After blowing the budget on his combat arsenal, there were no funds for a
morgue, emergency vehicles, lab equipment or a Medical Examiner to deal with
the remains of persons whose demise suggested foul play. He longed to lead his
men into battle, defeating the forces arrayed against America but, annoyingly,
there were no suspects and none of his deputies could locate either a wolf or
an alien anarchist group to blame for the deaths.

He’d revamped the department by
firing the local boys who had made up the department and hiring police officers
from Los Angeles who had been forced out for what he deemed to be unfounded
charges of brutality. He admired his deputies’ penchant for street justice, but
had to admit that their woodcraft, boating and hunting skills were minimal, at
best. Most had trained in the gang areas of Los Angeles and, if truth be told,
were bored with abusing the local teenagers, rousing the drunks and jailing
tourists for petty misdemeanors. Gunderson hoped the case would turn into
something so he could conclusively demonstrate the authority of his power and
maybe, while he was at it, put it to the sissies who continually harped about
civil rights.  

The San Juan Prosecuting Attorney
doubled as the Coroner and, since law school, hadn’t covered autopsies. 
He gladly handed the messy bodies to the Snohomish County Medical Examiner to
determine the cause of death and the likelihood that the deaths were caused by
unnatural or unlawful means, and to bill the good citizens of San Juan County
for services rendered. Once the crime scene was boarded up and sealed, the
remains bagged and shipped on, Prosecuting Attorney/Coroner Thomas Benson sat
on the deck and admired the view. 

 Paradoxically, about the only
advantage he did have was the complete lack of facilities and personnel. 
Since there were no doctors, forensic experts, lab technicians or even a lab,
he was free to retain the services of outside experts if the situation required
and he saw fit, within reason, of course.  After looking at the bloody
mess, the total lack of evidence and listening to the sheriff’s theory of rogue
wolves swimming from the mainland to eat law abiding citizens, he placed a
telephone call to Seattle and left a message requesting that a certain research
pathologist with subspecialties in genetics and hematology pay a visit to the
remains and provide any information, opinions or guesses as to what caused the
death of the unfortunate couple.   And, he thought, as he left a
message on her cell phone, it doesn’t hurt that she’s got a few bucks and will
work long and cheap if she gets interested in a case.

CHAPTER 2

 

Arabella Arienne pushed through the
AUTHORIZED PERSONNEL ONLY - NO ADMITTANCE doors of the Snohomish County Medical
Examiner’s office without knocking.  Two draped bodies lay on carts in the
middle of the room.  She could tell that one was female, the other male,
by the curves and bumps in the sheets. A middle aged Japanese man dressed in
surgical scrubs ignored her.  Arabella took a moment to look around the
room then locked the door behind her.  The Japanese man continued ignoring
her.

 She casually strolled over to
a government issue desk pushed flush against the wall, hung her black leather
jacket on the back of the wooden office chair and calmly surveyed the desk like
she was inspecting a plague site.  “What is that?” she said, indicating a
lump of fresh tissue setting on a specimen tray. Satisfied that no other fluids
or body parts were on the desktop she set her bag on the desk, careful that it
was nowhere near the specimen.

 “Make yourself at home,” said
Dr. Izanagi, still ostentatiously ignoring her.  Maybe five foot five
inches tall if he spent the evening on the rack, he weighed at least two
hundred pounds and resembled a brick with feet.   Born in a WWII
internment camp, he’d excelled in school, proving his commitment to his new
land every day.  Graduating from the U of W Medical School, he’d found a
home in forensic pathology and served his community well by honestly examining
each case, free of popular sentiment and police pressure. 
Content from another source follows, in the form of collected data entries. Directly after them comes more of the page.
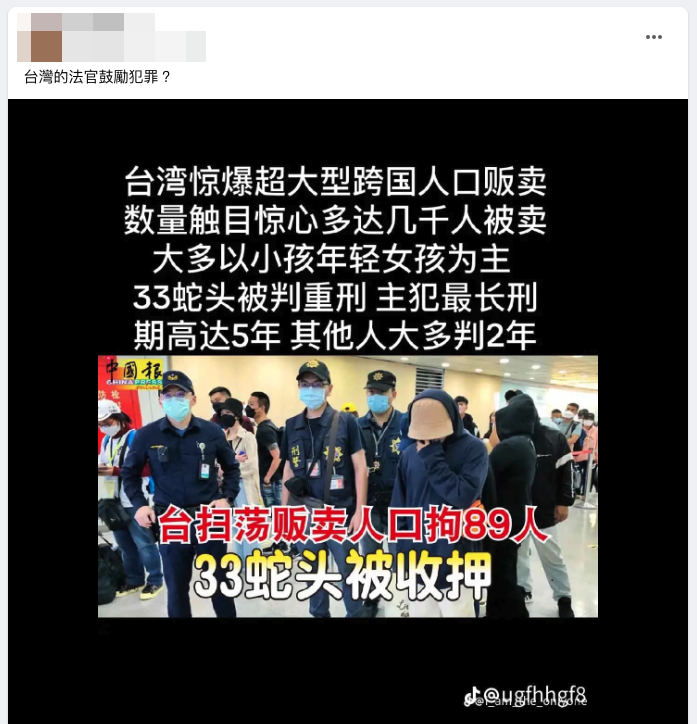 網傳「台灣法官鼓勵犯罪」、「台灣驚爆超大型跨國人口販賣」的訊息和圖片。經查證,網傳圖片實為 2022 年柬埔寨工作詐騙案的舊照,當時有 7 名疑似落入跨國工作陷阱的國人搭機返台,由航警局刑警大隊陪同通關入境,協助相關單位調查;而傳言提到的「33 蛇頭」這個數字,是統計至 2022 年 8 月 24 日有 33 人被收押,但案件持續偵辦中,後續統計至 8 月 28 日,全台警方及法務部調查局共逮捕 138 人、39 人收押。此案件是台灣黑幫和海外黑幫配合,誘騙大量台灣人至海外的犯罪案件,受害人數並未如傳言所述高達幾千人,目前也尚無涉案人士已經被判刑的資料,傳言為錯誤訊息。
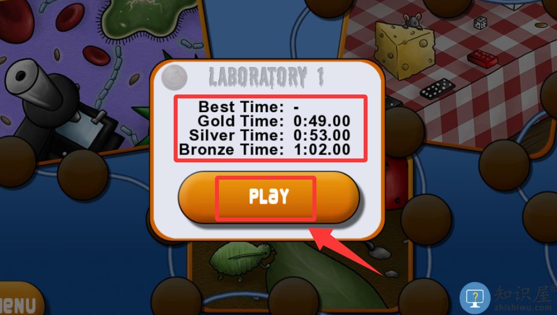 1、进入游戏关卡模式,点击红色框框里的第一关。
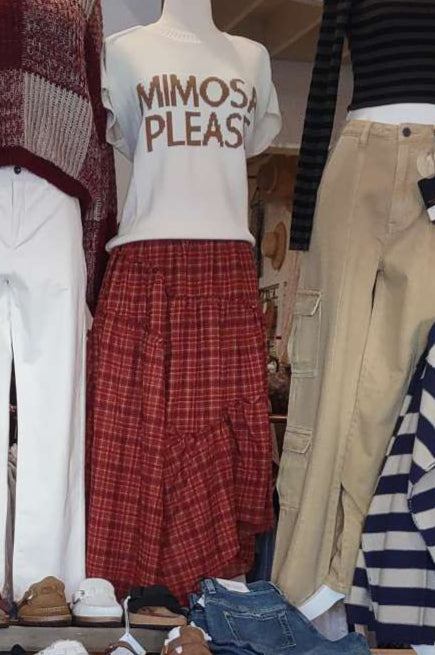 Embrace autumn vibes with the Ashley Handkerchief Ruffle Midi Skirt. This playful plaid skirt features a charming handkerchief hem and delicate ruffles, perfect for layering with cozy sweaters and boots. Its flattering midi length adds a flirty twist to your fall wardrobe, making every step feel breezy and fun. Elevate your seasonal style with this versatile skirt that blends classic pattern and whimsical design effortlessly.
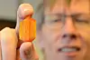 Prosjektleder Eirik Malinen med en prøve av materialet som er under uttesting. Kanskje kan det brukes til å sjekke stråledose ved fremtidens protonterapi.(Foto: Hilse Lynnebakken / UiO)
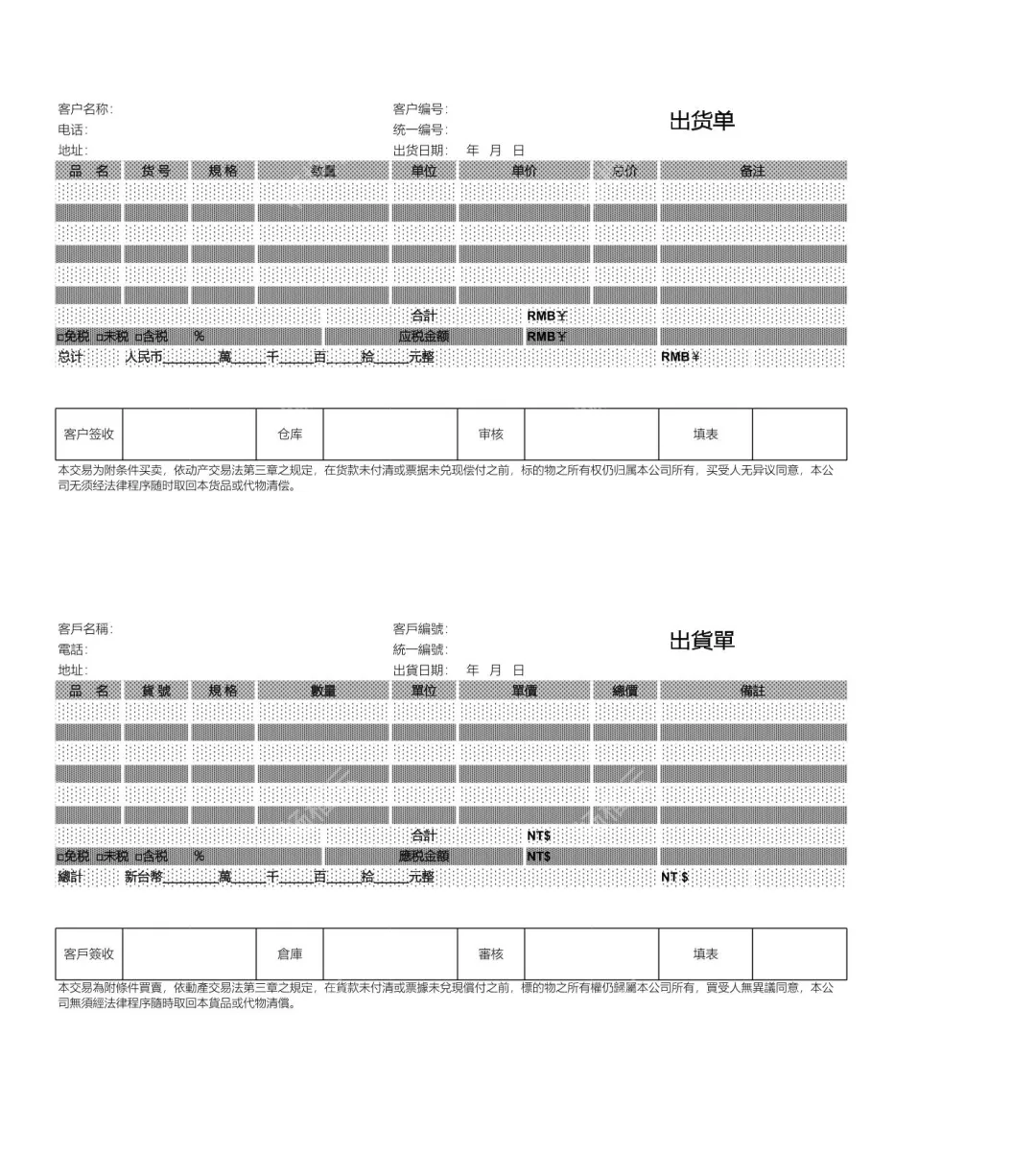 本文档是一份实用的双币种附条件买卖出货单模板,专为企业出货对账设计,兼具人民币和新台币两种币种核算功能。模板包含客户信息栏、货品明细栏、金额核算栏等完整模块,还明确标注了附条件买卖的所有权约定,即在货款付清前标的物所有权仍归卖方,保障企业权益。无论你是内资企业还是涉台贸易商家,这份模板都能帮你规范出货流程,规避交易风险,高效完成出货对账工作。

 The family name was actually
something different, but when they were rounded up in the night by the
authorities and trucked to the compound at Manzanar, the intake clerk made a mistake
and the family name became the name of an ancient creation deity.  His
parents, interested only in getting along in their new land, accepted the
mistake with stoic grace and carried on much as if the Crown family from
England had been renamed Cronus at Ellis Island.  The only ones who
noticed were other Japanese, and since no one cared about them other than as
prisoners, the name stuck.

 “What is this?” she
asked.  A faint echo of something soft and foreign colored her
voice.  Whenever he commented and asked where she was from she laughed him
off, saying it was polyglot East coast highlighted with South Carolina’s
lowlands. 

  “That’s for you, put it
in your purse,” replied Izanagi. 

 “Fat chance,” she said, “this
is a Perrin.” 

 “Arabella, that thing looks
like a bowling ball bag,” he said, minutely examining the purse she’d centered
on his desk like a work of art.  He spoke with great sorrow, as if the
most important thing in his life was a desire to comfort her in her moment of
anguished humiliation, “that is certainly not art and hardly even fashion; you
have been deceived; I assume it was at the very least inexpensive if not
cheap.”

 “It is a Riva commonly
referred to as the ball bag,” she replied, ignoring his drooping basset hound
eyes, “so you see you weren’t far off, although I doubt any Parisian carries
her bowling ball in it assuming, of course, she actually owns a bowling ball.”

 “You refer to it as the
common ball bag?” 

 “No,” she snorted, “I most
certainly do not.”

 “At the very least it was
cheap, yes?” 

 “They have been in business
since 1893, they maintain their own tannery to control the quality, this is
crocodile, it is twenty years old, of course it wasn’t cheap.”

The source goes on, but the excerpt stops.